Distinctive output partners
aotu63out <- cf_partners(aotu63, partners = 'out', threshold = 10)
aotu63out <- aotu63out %>%
left_join(
aotu63v2 %>% mutate(qtype=type) %>% select(qtype, key),
by=c("pre_key"='key'))
aotu63out %>%
mutate(dataset=abbreviate_datasets(dataset)) %>%
# FlyWire has e.g. LC10a LC10c annotated, but not hemibrain
mutate(type=case_when(
grepl("LC10", type) ~ "LC10",
T ~ type
)) %>%
group_by(qtype, dataset, type) %>%
summarise(weight=sum(weight)) %>%
arrange(desc(weight)) %>%
tidyr::pivot_wider(names_from = c(qtype, dataset), values_from = weight, values_fill = 0) %>%
# convert from raw to pct
mutate(across(-type, ~round(100*.x/sum(.x))))

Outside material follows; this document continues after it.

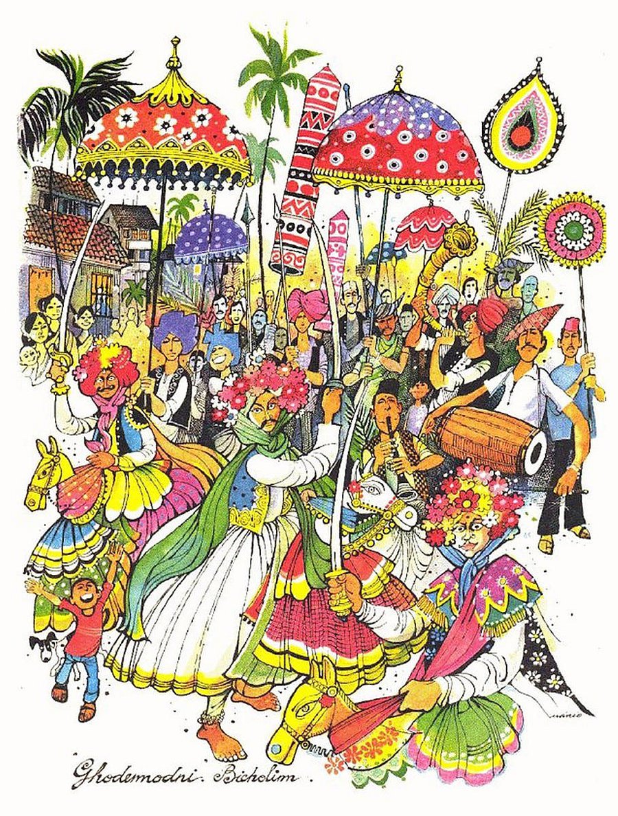 Born in Daman, raised in Goa, educated in Bengaluru (St Joseph’s High School) and Mumbai (St Xavier’s College /BA with Honours in English), Mario was never trained in art. “I went to an art school for only one day; I didn’t like it, and left immediately.” His art was inspired by people, places, and buildings — both ordinary and exotic. “I don’t like to be in a crowd. But I love to observe people, and watch crowds. There are people everywhere in India; in different sizes, shapes and colours. Nowhere in the world do we find such diversity. They are all doing something or the other. I love to make sketches and drawings of them and their activities.”

#> `summarise()` has grouped output by 'qtype', 'dataset'. You can override using
#> the `.groups` argument.
#> # A tibble: 77 × 5
#> type AOTU063a_fw AOTU063b_fw AOTU063a_hb AOTU063b_hb
#> <chr> <dbl> <dbl> <dbl> <dbl>
#> 1 IB008 15 11 14 9
#> 2 DNa10 12 11 9 7
#> 3 IB010 11 5 8 5
#> 4 AOTU007 8 7 6 8
#> 5 DNde002 3 9 0 0
#> 6 VES064 7 4 5 4
#> 7 DNae011 7 3 0 0
#> 8 DNbe004 6 0 0 0
#> 9 NA 5 0 0 0
#> 10 AOTU024 1 6 1 2
#> # ℹ 67 more rows
Here things are not quite obvious but IB008/IB010 look different and some of the newly defined DNs in FlyWire like DNde002/DNbe004/DNae011 look like they might be interesting.